Rethinking -L switch handling and construction of LDFLAGS

From: Tom Lane <tgl(at)sss(dot)pgh(dot)pa(dot)us>
To: pgsql-hackers(at)lists(dot)postgresql(dot)org
Subject: Rethinking -L switch handling and construction of LDFLAGS
Date: 2018-04-01 17:38:15
Message-ID: 25214.1522604295@sss.pgh.pa.us
Views: Raw Message | Whole Thread | Download mbox | Resend email
Thread:
Lists: pgsql-hackers

I noticed that if I build with --with-libxml on my Mac platforms,
"make installcheck" stops working for certain contrib modules such
as postgres_fdw. I finally got around to diagnosing the reason why,
and it goes like this:

1. --with-libxml causes configure to include
-L/Applications/Xcode.app/Contents/Developer/Platforms/MacOSX.platform/Developer/SDKs/MacOSX.sdk/usr/lib
in the LDFLAGS value put into Makefile.global. That's because
"xml2-config --libs" emits that, and we do need it if we want to link
to the platform-supplied libxml2.

2. However, that directory also contains a symlink to the
platform-supplied libpq.

3. When we go to build postgres_fdw.so, the link command line looks like

ccache gcc -Wall -Wmissing-prototypes -Wpointer-arith -Wdeclaration-after-statement -Wendif-labels -Wmissing-format-attribute -Wformat-security -fno-strict-aliasing -fwrapv -Wno-unused-command-line-argument -g -O2 -bundle -multiply_defined suppress -o postgres_fdw.so postgres_fdw.o option.o deparse.o connection.o shippable.o -L../../src/port -L../../src/common -L/Applications/Xcode.app/Contents/Developer/Platforms/MacOSX.platform/Developer/SDKs/MacOSX.sdk/usr/lib -L/usr/local/ssl/lib -Wl,-dead_strip_dylibs -L../../src/interfaces/libpq -lpq -bundle_loader ../../src/backend/postgres

The details of this might vary depending on your configure options,
but the key point is that the -L/Applications/... switch is before the
-L../../src/interfaces/libpq one. This means that the linker resolves
"-lpq" to the platform-supplied libpq, not the one in the build tree.
We can confirm that with

$ otool -L postgres_fdw.so
postgres_fdw.so:
/usr/lib/libpq.5.dylib (compatibility version 5.0.0, current version 5.6.0)
/usr/lib/libSystem.B.dylib (compatibility version 1.0.0, current version 1252.50.4)

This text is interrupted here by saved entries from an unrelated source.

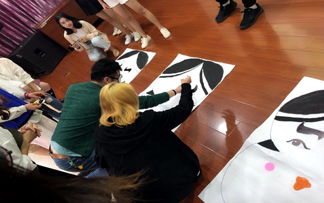活动第五环节——游戏环节。游戏由四人组成,通过“上、下、左、右”的口令指挥被眼罩蒙起眼睛的队友在道具上组成“脸”的表情,首先完成的队伍获胜。在游戏的最后,同学们在纸上写下了自己的夏日心愿。
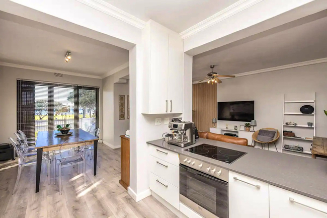Gone Coastal holiday apartment is designed to host up to four guests and comprises two well-appointed bedrooms and two bathrooms. Each bedroom is fitted with a double bed, offering restful comfort for a relaxing stay. The main bedroom is equipped with air-conditioning and a television for added convenience. The first bathroom contains a bathtub, while the second bathroom is fitted with a shower. Quality linen and bath towels are supplied for guests’ use. The open-plan layout creates an inviting living space that includes a modern kitchen equipped with a stove, oven, microwave, air fryer, fridge-freezer, coffee machine, and all essential cutlery and crockery. A washing machine and tumble dryer are provided to ensure ease during longer stays. The kitchen flows into a lounge area furnished with comfortable seating and a flat-screen TV, and guests can enjoy complimentary Wi-Fi throughout the apartment. A breakfast bar and a dining table provide ideal settings for shared meals. Sliding doors lead out onto a private balcony that features an outdoor dining area and a Weber braai, making it the perfect setting to unwind with a sundowner and take in the scenic surroundings.
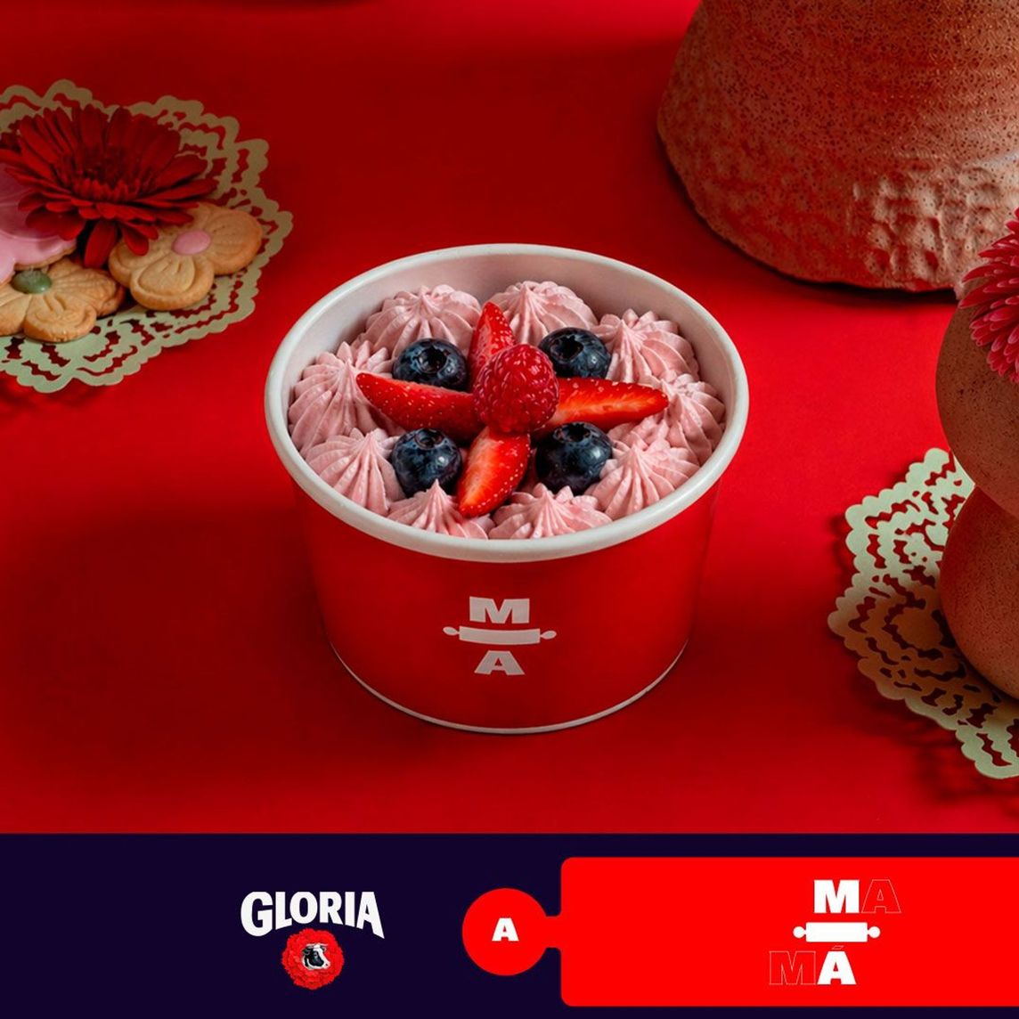 Tres leches de frutos rojos en versión cuchareable. Porción 12onz.
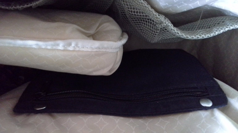 * Отдельный карман для телефона на замке-магнит. Можно достать одной рукой и даже если везешь коляску. У меня помимо телефона :) лежит нош па и можно ещё что нибудь положить. Хотя тел. не маленький.
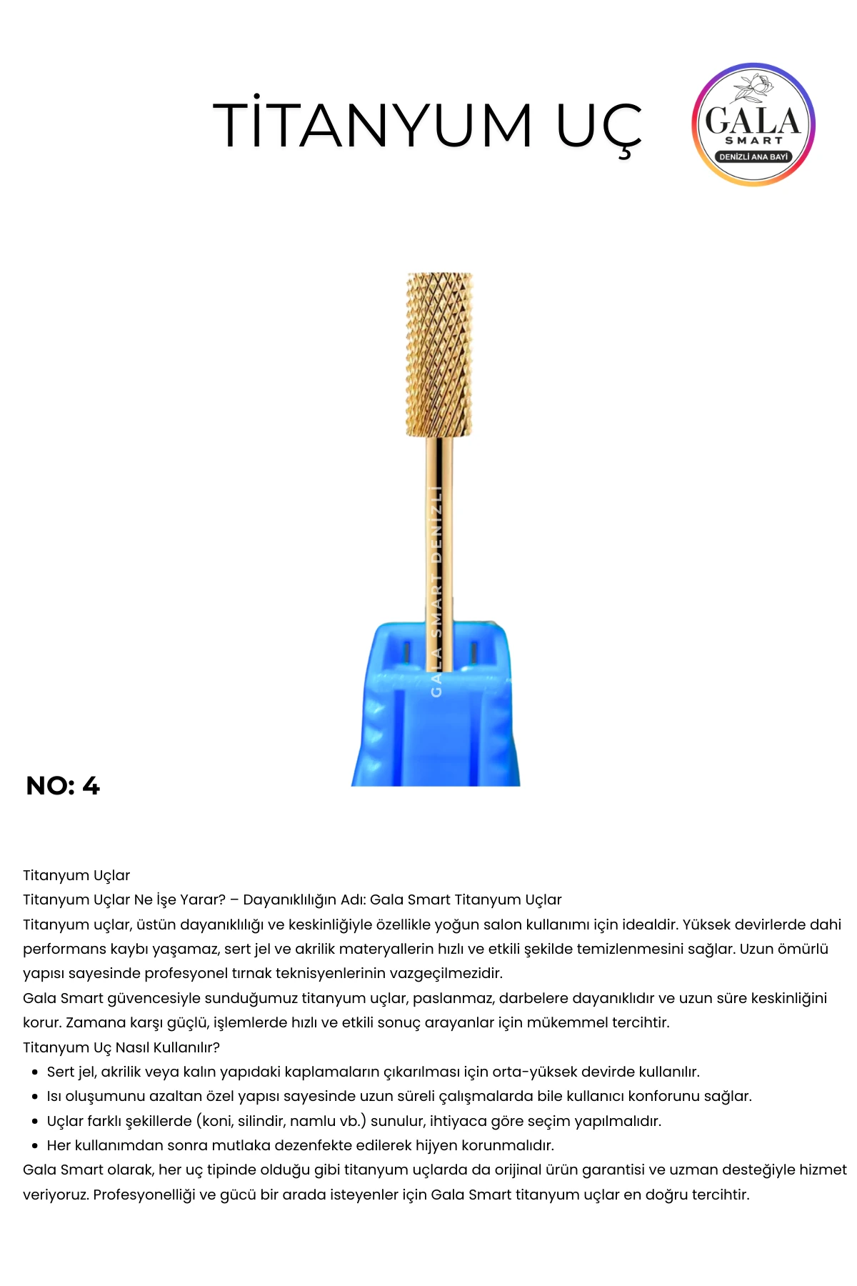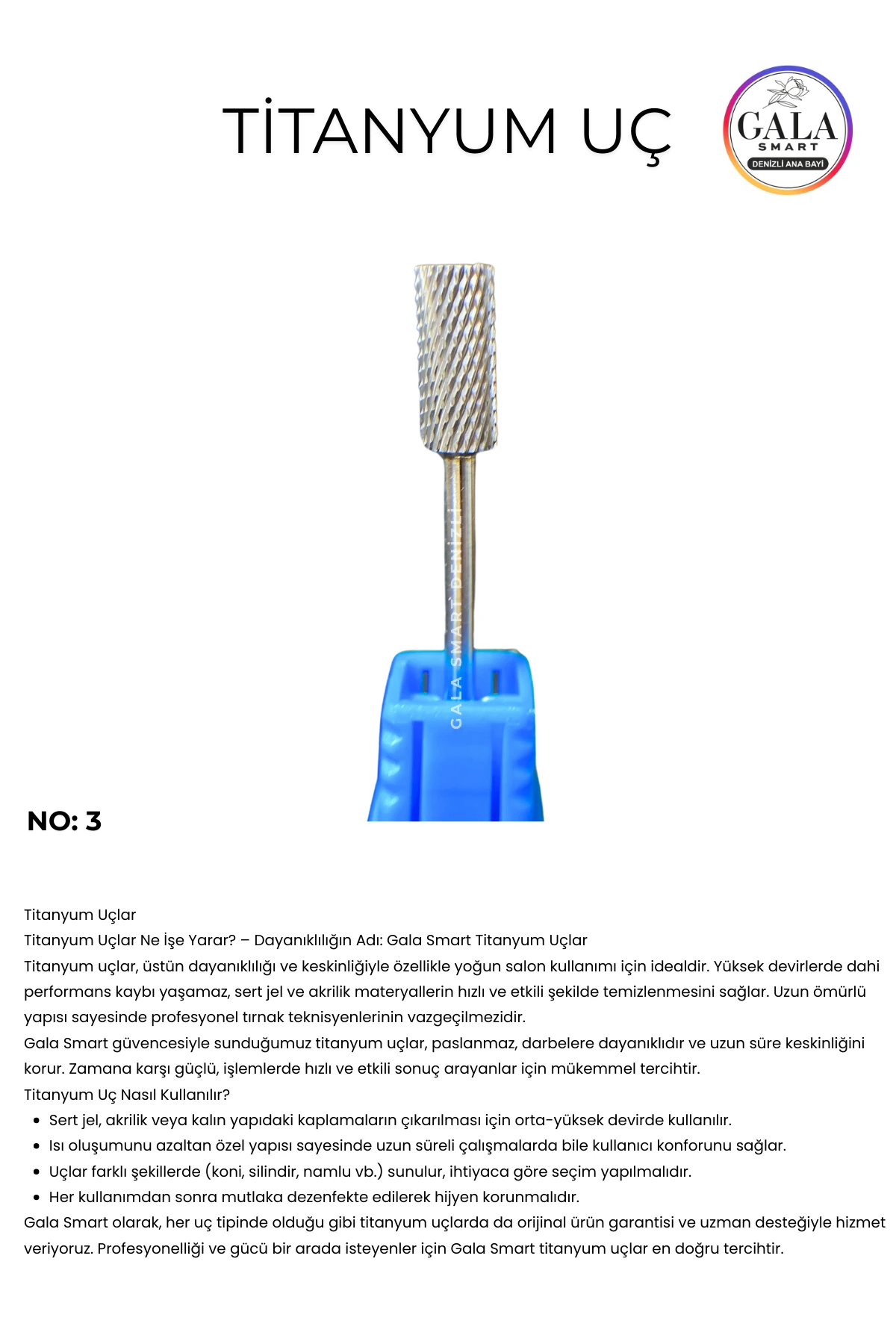 İşlem sonunda parlaklık verir. Gala Smart bakım yağı ile tırnak etlerine düşük devirde masaj yapılabilir.
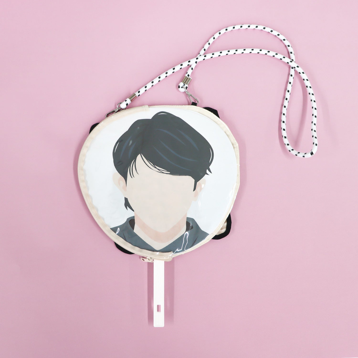 ジャンボうちわの柄が飛び出ず、ファスナーポケットが付いた推し活用のマチ付トートバッグ。バッグの表には推しのブロマイドやグッズを入れられるクリアーポケット付き。また、キャリーケースに乗せて持ち運びできる仕様のため、遠征時にも活躍します。
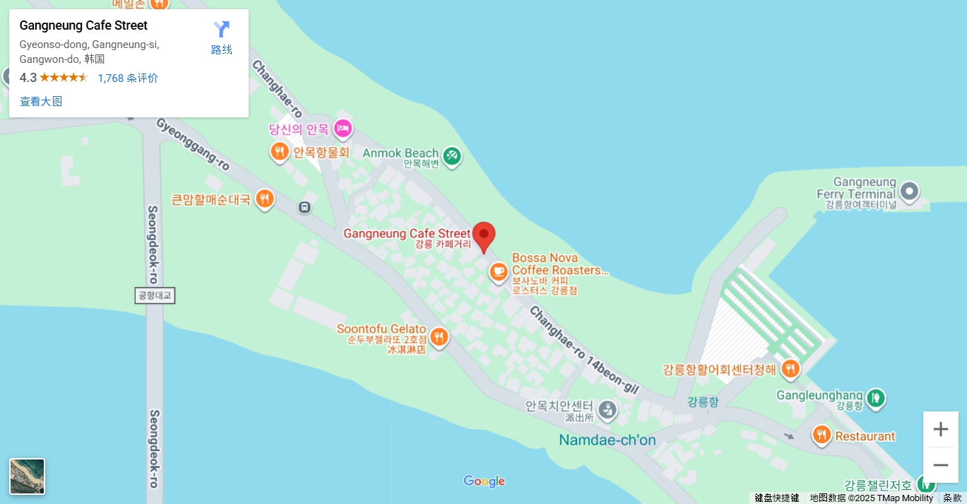 江陵咖啡街是真正能够感受咖啡之城 "江陵" 魅力的地方。沿着安木海边, 咖啡馆鳞次栉比。从烘焙咖啡馆到咖啡烘焙工坊, 每家咖啡馆都有独特的风味与个性。游客可以在这里品尝各具特色的咖啡与丰富多样的甜点。
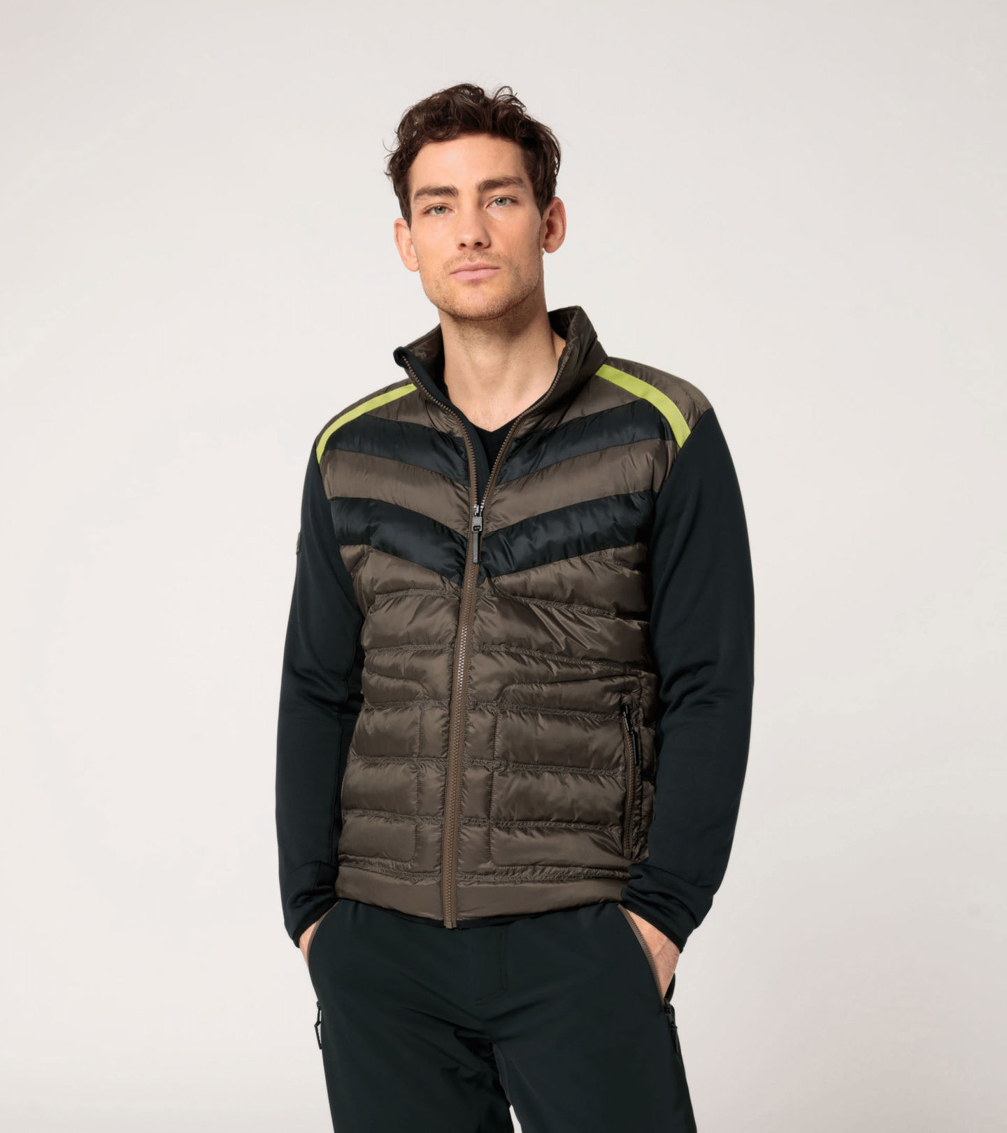 Designer ski midlayer jacket from the exclusive PORSCHE HEAD Collection. With padded stand-up collar and brushed power stretch for back and sleeves.
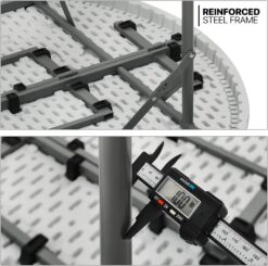 - Lightweight And Portable – Lightweight tabletop and frame, comes with a handle that makes it easy to carry by one person after folding.
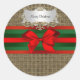 Rustikal Burlap Red Green Bow Ribbon Runder Aufkleber
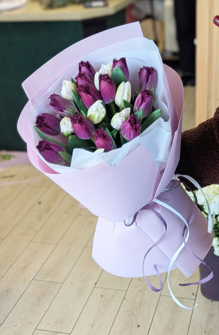 The bouquet that is shown at our photo has 101 tulips, but we offer a choice of different number of them. Please, make your choice!

So, quite aside from any problems stemming from using a 9.3-vintage libpq
with HEAD client code, we are stuck with a libpq that uses Apple's idea of
the default socket location, rather than what the rest of our build uses.
That explains the failures seen in "make installcheck", which look like

2018-04-01 13:09:48.744 EDT [10758] ERROR: could not connect to server "loopback"
2018-04-01 13:09:48.744 EDT [10758] DETAIL: could not connect to server: No such file or directory
Is the server running locally and accepting
connections on Unix domain socket "/var/pgsql_socket/.s.PGSQL.5432"?

Of course, /var/pgsql_socket is *not* where my postmaster is putting
its socket.

In short, we need to deal more honestly with the positioning of -L
switches in link commands. Somebody's idea that we could embed
both -L and -l into $(libpq), and then pay basically no attention to
where that ends up in the final link command, is just too simplistic.

I think that we want to establish an ironclad rule that -L switches
referencing directories in our own build tree must appear before -L
switches referencing external libraries.

I don't have a concrete patch to propose yet, but the design idea
I have in mind is to split LDFLAGS into two or more parts, so that
-L switches for the build tree are supposed to be put in the first
part and external -L switches in the second. It'd be sufficient
to have Makefile.global do something like

ifdef PGXS
LDFLAGS_INTERNAL = -L$(libdir)
else
LDFLAGS_INTERNAL = -L$(top_builddir)/src/port -L$(top_builddir)/src/common
endif
LDFLAGS = $(LDFLAGS_INTERNAL) @LDFLAGS@

and then teach relevant places that they need to add $(libpq) to
LDFLAGS_INTERNAL not LDFLAGS. (Perhaps "BUILD" would be a better keyword
than "INTERNAL" here?) Not sure how that would play exactly with
Makefile.shlib's SHLIB_LINK, but maybe we need SHLIB_LINK_INTERNAL along
with SHLIB_LINK. I'd also like to try to clean up the mess that is
$(libpq_pgport), though I'm not sure just how yet.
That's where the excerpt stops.